─── Task material

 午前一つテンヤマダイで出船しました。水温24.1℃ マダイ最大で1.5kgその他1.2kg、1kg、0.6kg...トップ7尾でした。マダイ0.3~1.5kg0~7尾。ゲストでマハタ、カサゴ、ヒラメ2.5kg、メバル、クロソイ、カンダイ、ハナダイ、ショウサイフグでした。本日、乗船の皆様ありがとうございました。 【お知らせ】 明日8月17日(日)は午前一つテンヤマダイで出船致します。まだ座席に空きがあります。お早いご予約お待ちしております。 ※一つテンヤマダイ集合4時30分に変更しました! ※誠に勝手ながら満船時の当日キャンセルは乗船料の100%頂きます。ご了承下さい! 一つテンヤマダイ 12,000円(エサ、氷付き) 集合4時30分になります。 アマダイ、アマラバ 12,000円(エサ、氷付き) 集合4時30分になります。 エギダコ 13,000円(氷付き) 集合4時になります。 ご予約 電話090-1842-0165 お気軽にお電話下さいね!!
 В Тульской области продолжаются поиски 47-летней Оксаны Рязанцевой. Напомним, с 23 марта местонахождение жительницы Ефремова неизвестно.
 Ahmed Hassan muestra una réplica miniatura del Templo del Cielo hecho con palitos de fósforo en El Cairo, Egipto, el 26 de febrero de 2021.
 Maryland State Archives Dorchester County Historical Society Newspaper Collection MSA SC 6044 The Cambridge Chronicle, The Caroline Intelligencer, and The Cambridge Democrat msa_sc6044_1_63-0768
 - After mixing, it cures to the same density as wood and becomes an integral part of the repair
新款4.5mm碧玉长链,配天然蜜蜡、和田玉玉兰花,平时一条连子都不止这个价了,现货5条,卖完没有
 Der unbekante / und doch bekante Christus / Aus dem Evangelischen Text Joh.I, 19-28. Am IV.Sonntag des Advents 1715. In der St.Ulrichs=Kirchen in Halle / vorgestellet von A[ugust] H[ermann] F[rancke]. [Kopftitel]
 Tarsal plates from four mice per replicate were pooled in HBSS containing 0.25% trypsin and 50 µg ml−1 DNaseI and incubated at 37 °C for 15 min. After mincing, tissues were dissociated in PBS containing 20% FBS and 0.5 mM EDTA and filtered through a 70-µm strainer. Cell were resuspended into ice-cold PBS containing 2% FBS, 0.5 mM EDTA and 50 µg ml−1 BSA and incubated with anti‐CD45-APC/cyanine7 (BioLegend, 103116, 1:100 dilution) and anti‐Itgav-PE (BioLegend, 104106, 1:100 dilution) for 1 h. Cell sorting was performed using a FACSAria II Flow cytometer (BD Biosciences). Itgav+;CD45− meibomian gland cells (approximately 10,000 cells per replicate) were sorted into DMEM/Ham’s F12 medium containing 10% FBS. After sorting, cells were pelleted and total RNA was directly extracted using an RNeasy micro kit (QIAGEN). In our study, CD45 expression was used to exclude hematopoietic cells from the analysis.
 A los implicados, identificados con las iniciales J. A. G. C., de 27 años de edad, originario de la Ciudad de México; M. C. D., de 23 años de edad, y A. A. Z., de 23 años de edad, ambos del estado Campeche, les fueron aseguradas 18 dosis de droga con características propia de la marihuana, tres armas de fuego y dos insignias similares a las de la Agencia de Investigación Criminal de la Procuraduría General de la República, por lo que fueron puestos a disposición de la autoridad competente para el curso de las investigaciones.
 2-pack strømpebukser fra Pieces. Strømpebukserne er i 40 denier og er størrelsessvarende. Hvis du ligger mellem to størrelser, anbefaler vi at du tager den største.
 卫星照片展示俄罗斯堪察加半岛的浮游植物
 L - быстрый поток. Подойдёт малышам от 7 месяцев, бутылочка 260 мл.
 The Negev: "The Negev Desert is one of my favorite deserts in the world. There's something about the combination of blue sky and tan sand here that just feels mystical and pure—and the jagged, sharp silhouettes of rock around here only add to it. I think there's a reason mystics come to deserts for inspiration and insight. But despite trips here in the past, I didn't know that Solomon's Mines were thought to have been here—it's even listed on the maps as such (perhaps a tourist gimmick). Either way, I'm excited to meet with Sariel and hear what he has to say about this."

──────

The response should consist only of the lines from the one containing "L - быстрый" to the end of the material above, both included.

 L - быстрый поток. Подойдёт малышам от 7 месяцев, бутылочка 260 мл.
 The Negev: "The Negev Desert is one of my favorite deserts in the world. There's something about the combination of blue sky and tan sand here that just feels mystical and pure—and the jagged, sharp silhouettes of rock around here only add to it. I think there's a reason mystics come to deserts for inspiration and insight. But despite trips here in the past, I didn't know that Solomon's Mines were thought to have been here—it's even listed on the maps as such (perhaps a tourist gimmick). Either way, I'm excited to meet with Sariel and hear what he has to say about this."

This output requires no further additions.